Explanation:
According to the Rydberg formula,
[tex]\frac{1}{\lambda} = -R_{H}Z^{2} [\frac{1}{n^{2}_{i}} - \frac{1}{n^{2}_{f}}][/tex]
where, [tex]\lambda[/tex] = wavelength
[tex]R_{H}[/tex] = Rydberg constant = [tex]1.097 \times 10^{7} m^{-1}[/tex]
Z = atomic number (for He atomic number is 2)
[tex]n_{f}[/tex] = 4, [tex]n_{i}[/tex] = 8
Hence, putting the given values into the above formula as follows.
[tex]\frac{1}{\lambda} = -R_{H}Z^{2} [\frac{1}{n^{2}_{i}} - \frac{1}{n^{2}_{f}}][/tex]

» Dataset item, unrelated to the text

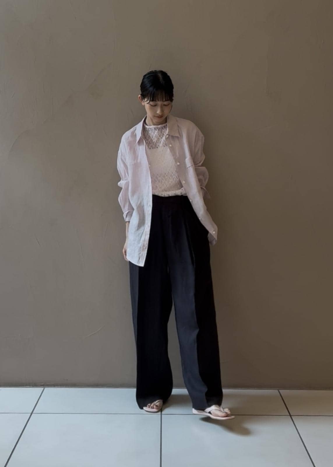 リネンシャツ、レースTシャツ、ビーチサンダル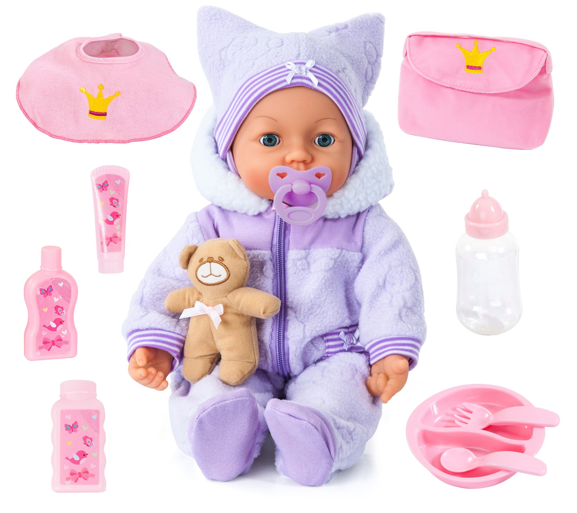 • Includes 18" doll, one extra bag, one bib, one teddy bear, one plastic tableware, one care accessories, one pacifier, and one bottle

= [tex]-1.097 \times 10^{7} \times (2)^{2} [\frac{1}{(8)^{2}} - \frac{1}{(4)^{2}}][/tex]
= [tex]0.2056 \times 10^{7} m^{-1}[/tex]
[tex]\lambda = \frac{1}{0.2056 \times 10^{7} m^{-1}}[/tex]
= [tex]4.86 \times 10^{-7} m[/tex]
= 486 nm (as [tex]1 \times 10^{-9}[/tex] = 1 nm)
Thus, we can conclude that the Pickering series wavelength associated with the excited state is 486 nm.